** DATA SECTION follows **

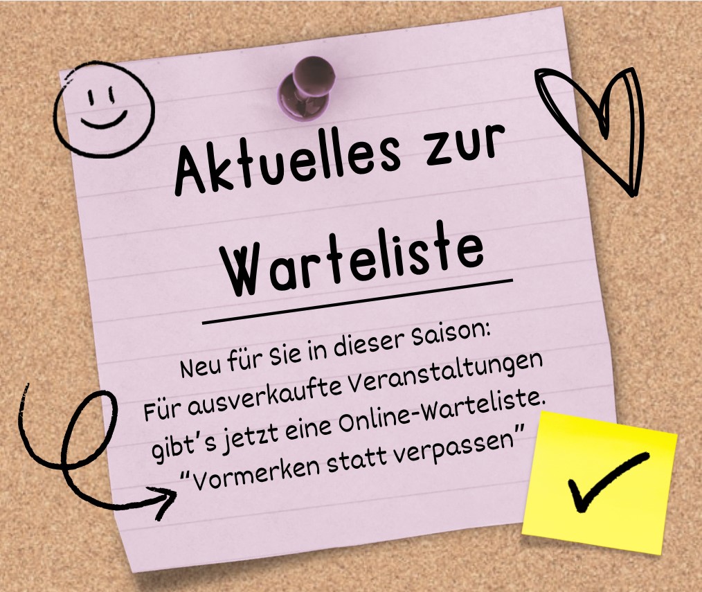 Ab sofort bieten wir für besonders gefragte Veranstaltungen eine neue Servicefunktion an: die Online-Warteliste.
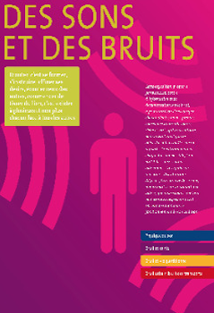 Sur la thématique de la sensibilisation à l’environnement sonore, cette exposition composée de 24 panneaux (80 x 120 cm) munis d’œillets d’accrochage a été réalisée par le CidB et le Conseil départemental de Seine-Saint-Denis en 2010 à destination des collégiens, lycéens et du grand public. Ces panneaux sont construits autour de quatre modules : Module 1 : la physique du son : les notions de base essentielles pour une bonne compréhension de ce qu’est le bruit ; Module 2 : bruit et santé : les effets auditifs et extra-auditifs ; Module 3 : bruit et vie quotidienne : les bruits de voisinage ; l’isolation acoustique des logements ; Module 4 : bruit urbain, bruit des transports : la directive européenne, la carte départementale de bruit, les mesures pour réduire et prévenir le bruit des transports. Deux lots de 12 panneaux peuvent s’emprunter à la carte, indépendamment de l’ensemble de l’exposition. Pour connaître les conditions d'emprunt, veuillez contacter le CidB. -
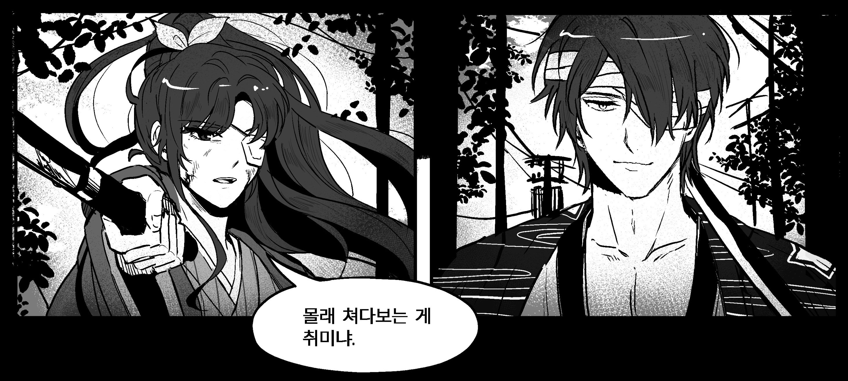 ๊ฐ๋จํ๊ฒ ์๊ฐ๋ฅผ ํ๊ณ ๋จ์ดํธ๋ ธ๋ ๋ ๊ฐ์ ์นผ์ ์นผ์ง์ ๋ฃ์๋ค. ๋งํ์ฝ, ๋ฐ์ฌ์ด, ํ์ผ์น ์์ผ๋ก ํ ๋ช ์ฉ ์์ ๋ง์ก์ผ๋ฉฐ ์ธ์ฌ๋ฅผ ํ ํ ๋จผ์ ์๋ฆฌ๋ฅผ ๋จ๊ฒ ๋ค๋ฉฐ ์ฌ๋ผ์ก๋ค.

** End of DATA SECTION **

→ WHAT YOU SHOULD DO:
Would you output the full listing exactly as it stands, minus the images?

→ OUTPUT OF THE TASK:
 Ab sofort bieten wir für besonders gefragte Veranstaltungen eine neue Servicefunktion an: die Online-Warteliste.
 Sur la thématique de la sensibilisation à l’environnement sonore, cette exposition composée de 24 panneaux (80 x 120 cm) munis d’œillets d’accrochage a été réalisée par le CidB et le Conseil départemental de Seine-Saint-Denis en 2010 à destination des collégiens, lycéens et du grand public. Ces panneaux sont construits autour de quatre modules : Module 1 : la physique du son : les notions de base essentielles pour une bonne compréhension de ce qu’est le bruit ; Module 2 : bruit et santé : les effets auditifs et extra-auditifs ; Module 3 : bruit et vie quotidienne : les bruits de voisinage ; l’isolation acoustique des logements ; Module 4 : bruit urbain, bruit des transports : la directive européenne, la carte départementale de bruit, les mesures pour réduire et prévenir le bruit des transports. Deux lots de 12 panneaux peuvent s’emprunter à la carte, indépendamment de l’ensemble de l’exposition. Pour connaître les conditions d'emprunt, veuillez contacter le CidB. -
 ๊ฐ๋จํ๊ฒ ์๊ฐ๋ฅผ ํ๊ณ ๋จ์ดํธ๋ ธ๋ ๋ ๊ฐ์ ์นผ์ ์นผ์ง์ ๋ฃ์๋ค. ๋งํ์ฝ, ๋ฐ์ฌ์ด, ํ์ผ์น ์์ผ๋ก ํ ๋ช ์ฉ ์์ ๋ง์ก์ผ๋ฉฐ ์ธ์ฌ๋ฅผ ํ ํ ๋จผ์ ์๋ฆฌ๋ฅผ ๋จ๊ฒ ๋ค๋ฉฐ ์ฌ๋ผ์ก๋ค.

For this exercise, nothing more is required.